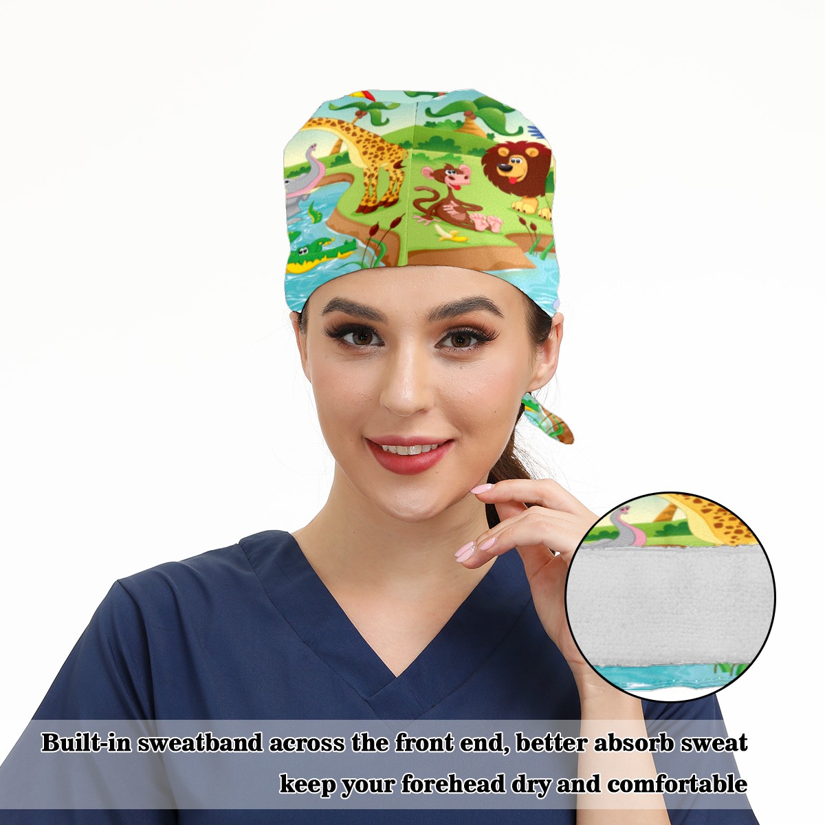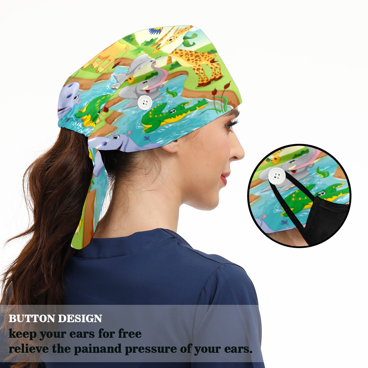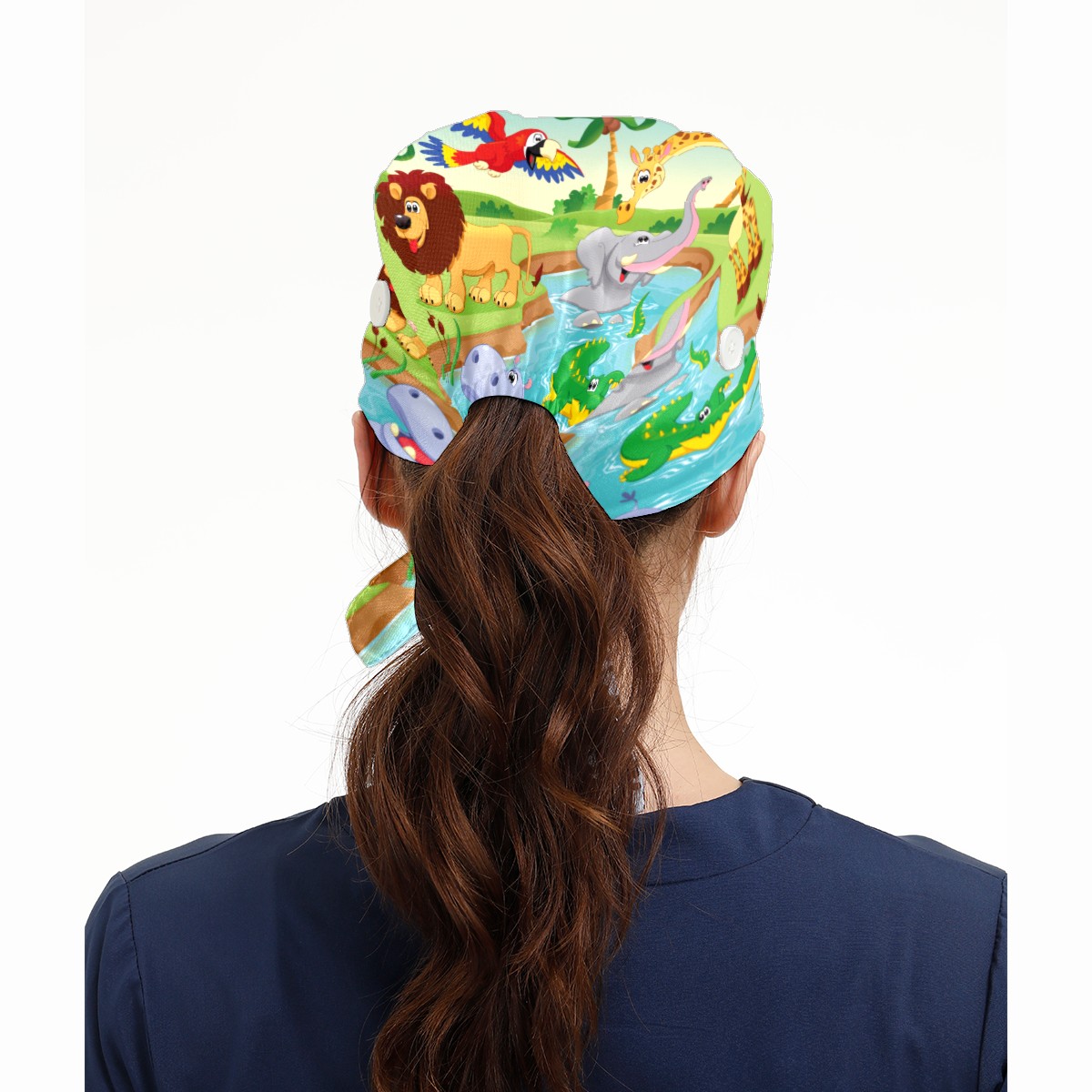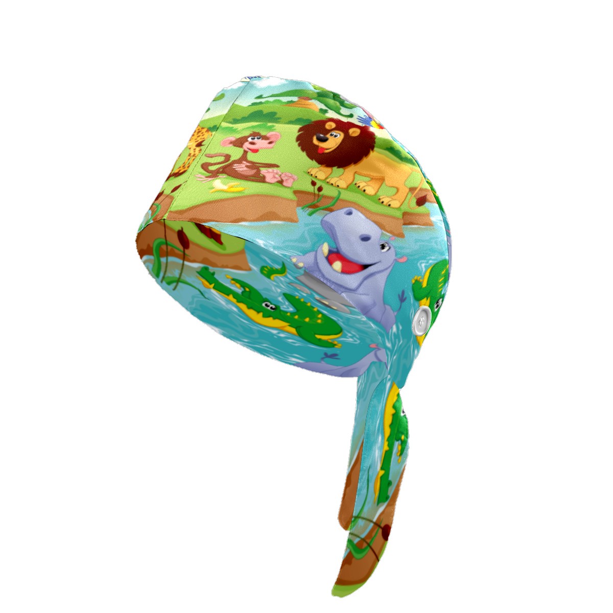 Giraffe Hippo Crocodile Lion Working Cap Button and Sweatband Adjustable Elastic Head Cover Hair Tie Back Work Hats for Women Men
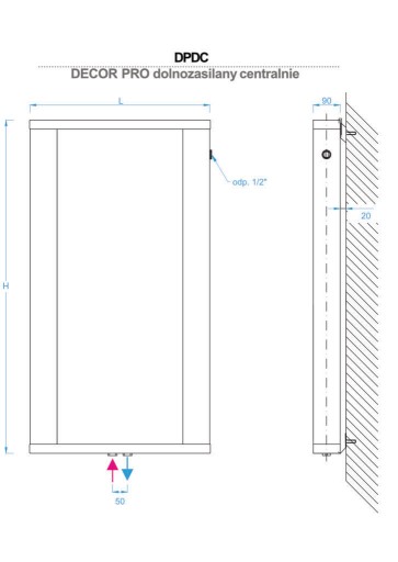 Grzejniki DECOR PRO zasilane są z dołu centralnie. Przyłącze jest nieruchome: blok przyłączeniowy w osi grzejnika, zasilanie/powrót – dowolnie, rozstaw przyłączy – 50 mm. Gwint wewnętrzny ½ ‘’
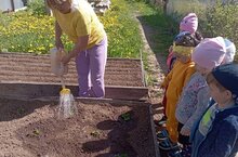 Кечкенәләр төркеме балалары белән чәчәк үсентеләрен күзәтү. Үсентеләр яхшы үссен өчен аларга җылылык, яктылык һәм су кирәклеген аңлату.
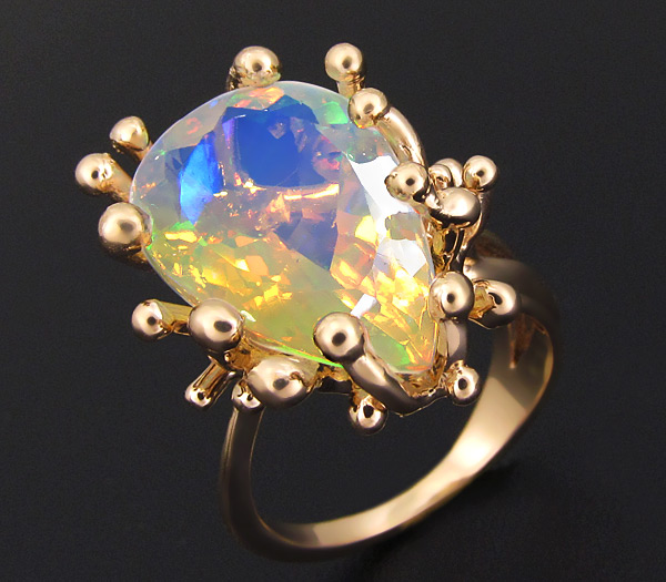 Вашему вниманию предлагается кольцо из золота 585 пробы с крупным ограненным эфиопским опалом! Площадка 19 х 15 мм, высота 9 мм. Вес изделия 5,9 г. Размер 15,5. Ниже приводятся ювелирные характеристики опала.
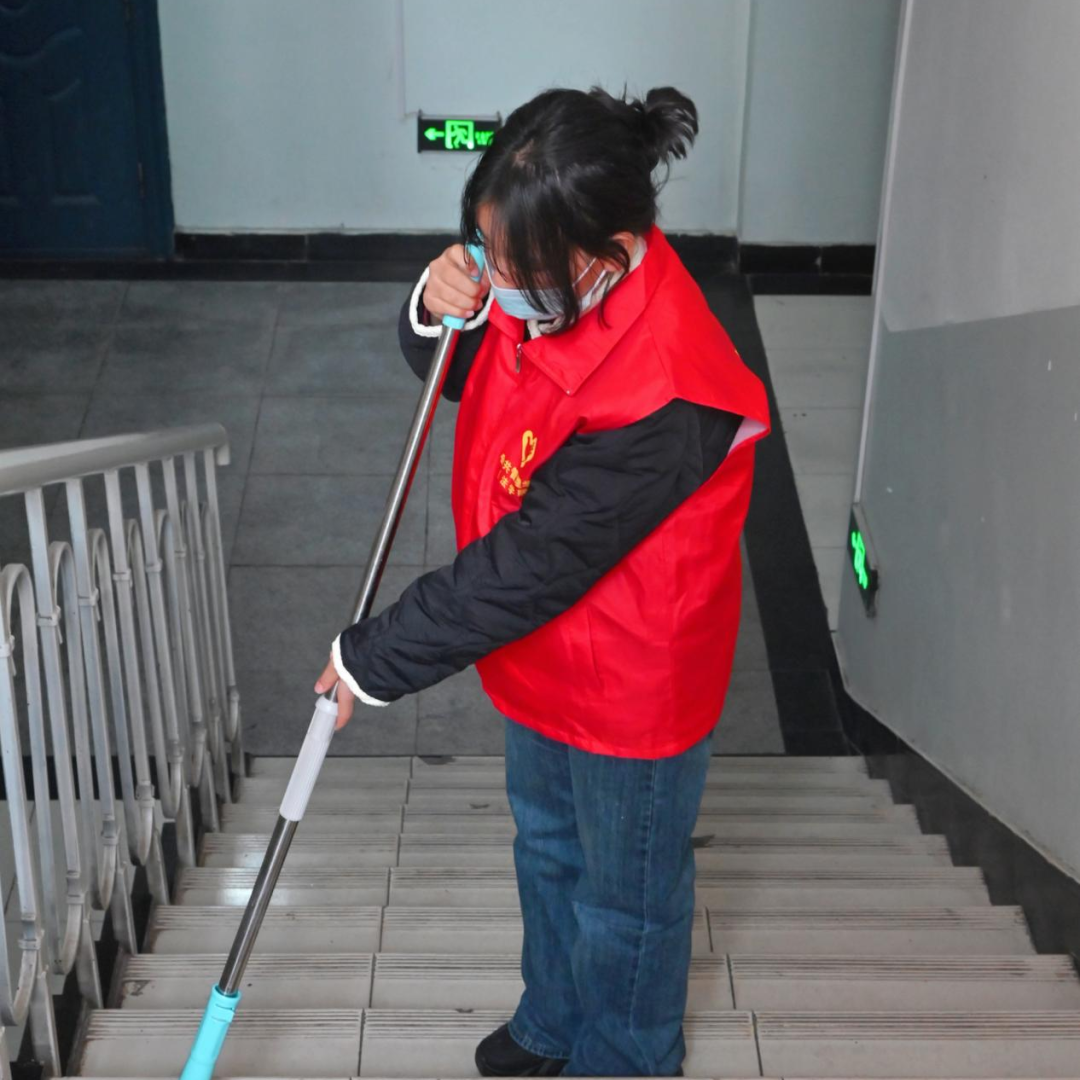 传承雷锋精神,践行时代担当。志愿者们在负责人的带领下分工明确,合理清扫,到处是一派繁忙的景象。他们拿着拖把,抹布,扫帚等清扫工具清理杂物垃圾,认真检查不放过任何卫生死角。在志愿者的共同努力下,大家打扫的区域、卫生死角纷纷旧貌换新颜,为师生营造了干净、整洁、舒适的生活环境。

WHAT IS REQUIRED: All lines from the one containing "Кечкенәләр төркеме балалары" to the end of the entries should appear in the output exactly as written, with no pictures.

ANSWER:
 Кечкенәләр төркеме балалары белән чәчәк үсентеләрен күзәтү. Үсентеләр яхшы үссен өчен аларга җылылык, яктылык һәм су кирәклеген аңлату.
 Вашему вниманию предлагается кольцо из золота 585 пробы с крупным ограненным эфиопским опалом! Площадка 19 х 15 мм, высота 9 мм. Вес изделия 5,9 г. Размер 15,5. Ниже приводятся ювелирные характеристики опала.
 传承雷锋精神,践行时代担当。志愿者们在负责人的带领下分工明确,合理清扫,到处是一派繁忙的景象。他们拿着拖把,抹布,扫帚等清扫工具清理杂物垃圾,认真检查不放过任何卫生死角。在志愿者的共同努力下,大家打扫的区域、卫生死角纷纷旧貌换新颜,为师生营造了干净、整洁、舒适的生活环境。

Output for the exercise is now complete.